The home looks expensive, but it has been built with only the $32,000 budget by using a collaborative design approach and contributions of new and up-cycled materials. A soaring, wide-open breezeway located in the middle of two winged halves of the home will be sheathed in glass and house the kitchen and dining area. It is the intersection of activity and function, the hearth, the place where children and elders will gather.
It is also fundamental that the students follow best-practice policies, including electrical and plumbing-code requirements.
“Even though we don’t have inspectors looking over our shoulders,” Sommerfeld explained, “that doesn’t mean the students cut corners. It is a valuable lesson in why the coding system exists and why it works.”
Poured concrete exterior bearing walls, insulated in the center core, reduce heat loss in winter. Windows are located to take full advantage of the prevailing breezes to help cool the interior during the summer.
“Some of us will be doing this level of sustainable architectural design and building in our careers after graduation,” Burns said, picking up a cross-cut saw. “It’s a different way of thinking about a logical process, to engage the client in this hands-on level.”

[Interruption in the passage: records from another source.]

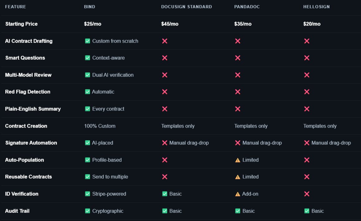 Bind, the ultimate contract platform for small businesses. Describe what you need in plain English, and our AI drafts a custom contract in seconds (better than most lawyers). Send for e-signature, track status, and store everything, all in one place.
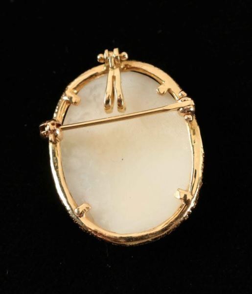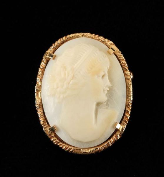 Pretty 1" cameo set in gold that can be used as a pin or pendant for a necklace. Round wire border frame secured by four prongs. Includes appraisal.
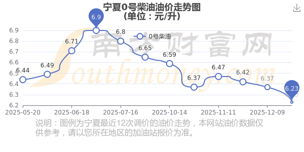 12月29日,宁夏0号柴油的价格是6.23元每升,本次的调整时间为12月23日,对比上次的调整减了0.14元,减2.198%,12月31日24时为下一轮油价调整时间,还有0天。
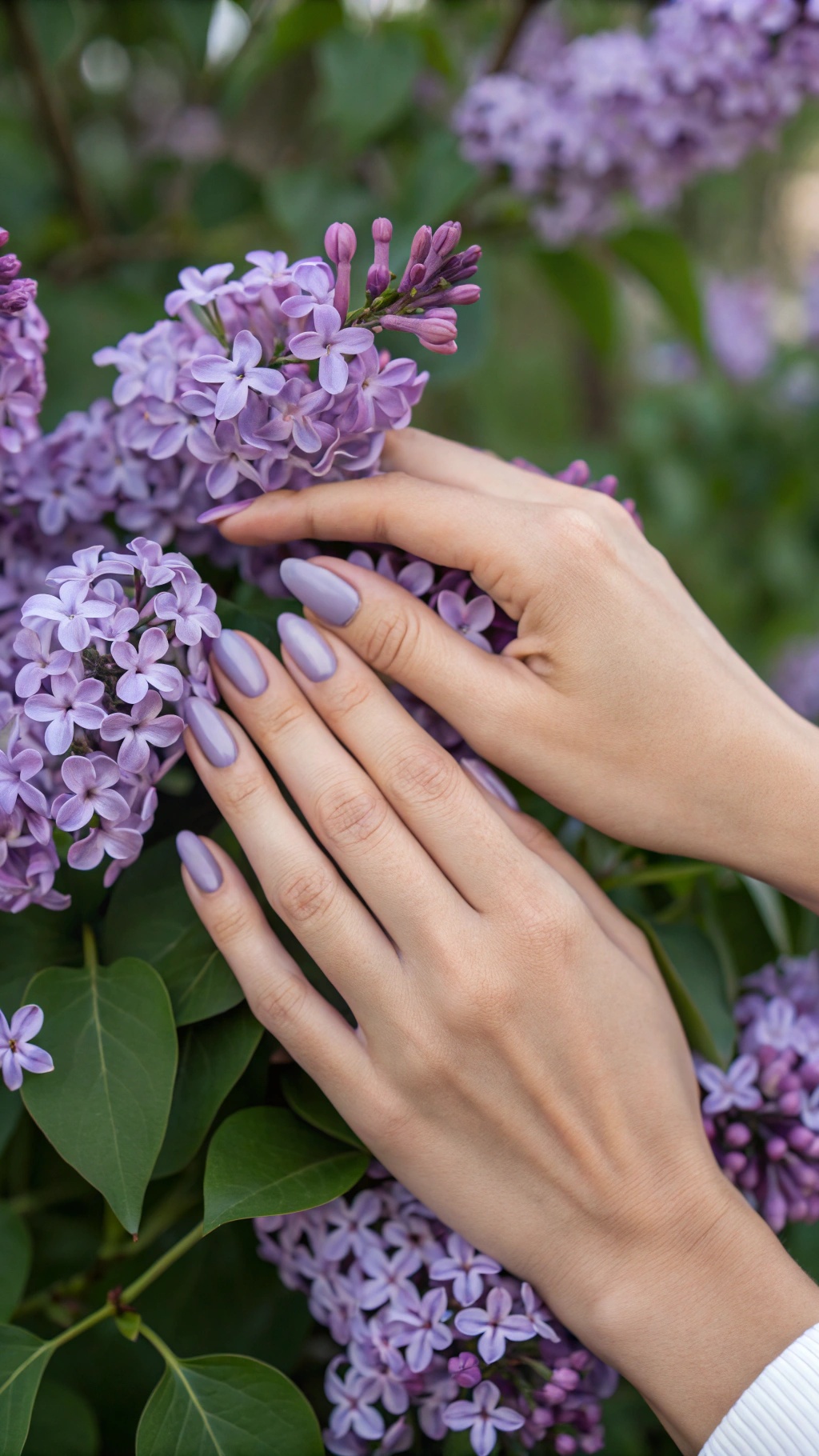 The image captures hands adorned with a beautiful dusty lavender matte polish, set against a backdrop of lilac flowers. The contrast between the nails and the blooms creates a harmonious look that feels both fresh and inviting.

The process embraces the client family at all stages and, she said, “The family is incredibly receptive to our ideas and engages us completely by giving us honest feedback. It’s their home.”
Doing and understanding
On the website, Louis writes of his first exposure to a design-build program in Alabama in the early 1990s. “I saw a lot of hard work, students who had abandoned the comforts of campus and home for a cooperative life and the opportunity to learn about architecture through action. Most importantly, I felt a burgeoning awe emoting from all sides. I wanted in.”
After that, he founded his own program in Utah. Now, he said, “These small projects have in them the architectural essence to enchant us, to inspire us, and ultimately to elevate our profession.
“What I hope to impart is the veracity of the old Chinese proverb: I hear and I forget; I see and I remember; I do and I understand. Design Build Bluff is not a representation of reality, it is real in and of itself.”
The University of Colorado School of Architecture and Planning “Raine” home will be finished by December 2012. Students and faculty maintain a record on-line at their blog. To learn more about it and Design Build Bluff go to: www.designbuildbluff. org/
Sonja Horoshko can be reached at firstname.lastname@example.org.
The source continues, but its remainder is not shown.